И главный по общественному транспорту увидел собственную калошу. Ту самую — пропавшую, которая, свалившись, так напугала дядю-Афанасия. «Лет восемь…» — быстро подсчитал Прохор Филиппович, и пол закачался у него под ногами. Понимающий взгляд оперуполномоченного сделался ещё человечней. Ефим Яковлевич налил из графина воды, но вместо того, чтобы протянуть стакан Прохору Филипповичу, вдруг, опрокинул содержимое на его голову.
— А-ха-ха… Ха-ха… — шутка так развеселила следователя, что он буквально покатился от хохота.
— Хе-хе… — хихикнул Прохор Филиппович, чувствуя, как прохладные струйки стекают у него по усам и за воротник. Нервический смех опера резко оборвался, и главный по общественному транспорту услышал собственный голос, одинокий и неприятно-угодливый.
Вскоре, спешно созванная комиссия, сняла П. Ф. Куропатку с занимаемой должности, понизив его до главного по культуре и переложила бремя управления городским транспортом на проныру-Селёдкина.

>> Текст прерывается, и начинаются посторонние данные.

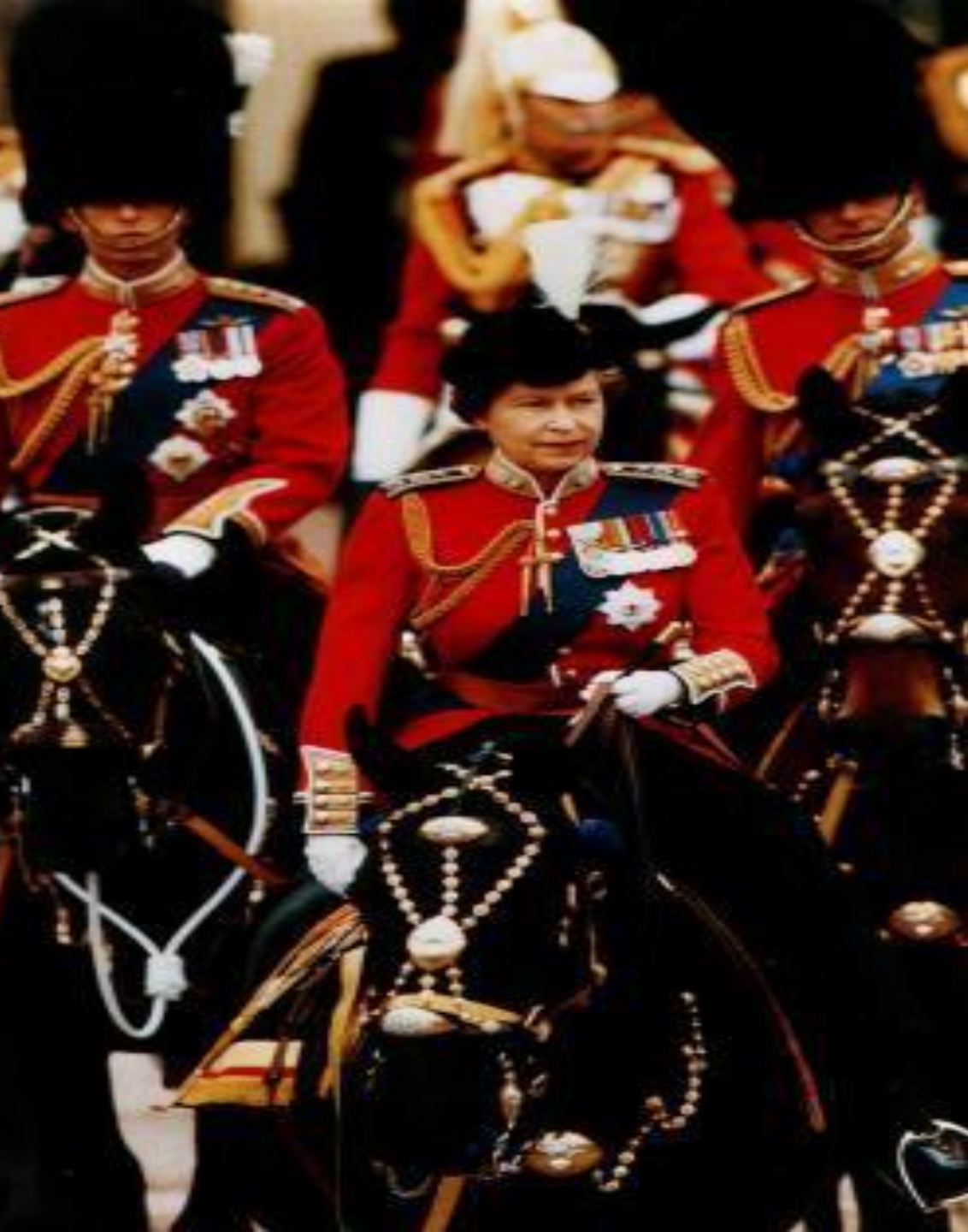
ЕЛИЗАВЕТА ВТОРАЯ НА ПАРАДЕ

Прохор Филиппович четыре дня пил горькую. По утрам заботливая Марья Семёновна, подавая ему сверкающий огранкой хрустальный графинчик, неизменно повторяла:
— В куньтуре-то Прошенька спокойнее, это не трамвай. Тут если ток и отключют, то разве, чёртово колесо в парке встанет. А которые наверху застрянут, тех пожарные сымут за милую душу. В куньтуре спокойнее.
И он не спорил, поскольку иначе тон «половины» менялся:
— Может, наконец, остепенисься…
Скандальные происшествия на десятом маршруте прекратились, хотя карманные кражи, конечно, случались. Постепенно поутихли и слухи. В очередях за керосином судачили больше о дирижаблях и ценах на хлеб. Всю середину «Институтской», почти до рельсов, загородили от извозчиков забором, а чтобы оправдать сооружение оного (не давая пищу глупым домыслам), начальство постановило возвести на площади какой-нибудь памятник или фонтан. И даже Прохор Филиппович порой сомневался, имело ли место роковое собрание на квартире, перевернувшее его размеренную жизнь, и не интриги ли это Селёдкина. Вспоминая зама, главный по культуре неизменно вклеивал «словцо», со злорадным нетерпением дожидаясь вешних дней и продолжения секретных испытаний. Переключаясь следом на Полинку и её мать, со всем их подлым племенем, вклеивал другое и, признаться, очень расстраивался. Но, время лечит. «А и, правда. В культуре-то, оно спокойнее. С ней каждый разберётся», — смирился он наконец. Подобно большинству, полагая, что у власти стоят люди грамотные, информированные, знающие что-то такое, что ему ГПКульту знать не положено и в тайне веря, что рано или поздно они рассудят кто прав, кто виноват (крамольная мысль, что и там — наверху тоже дураки, даже не приходила ему в голову).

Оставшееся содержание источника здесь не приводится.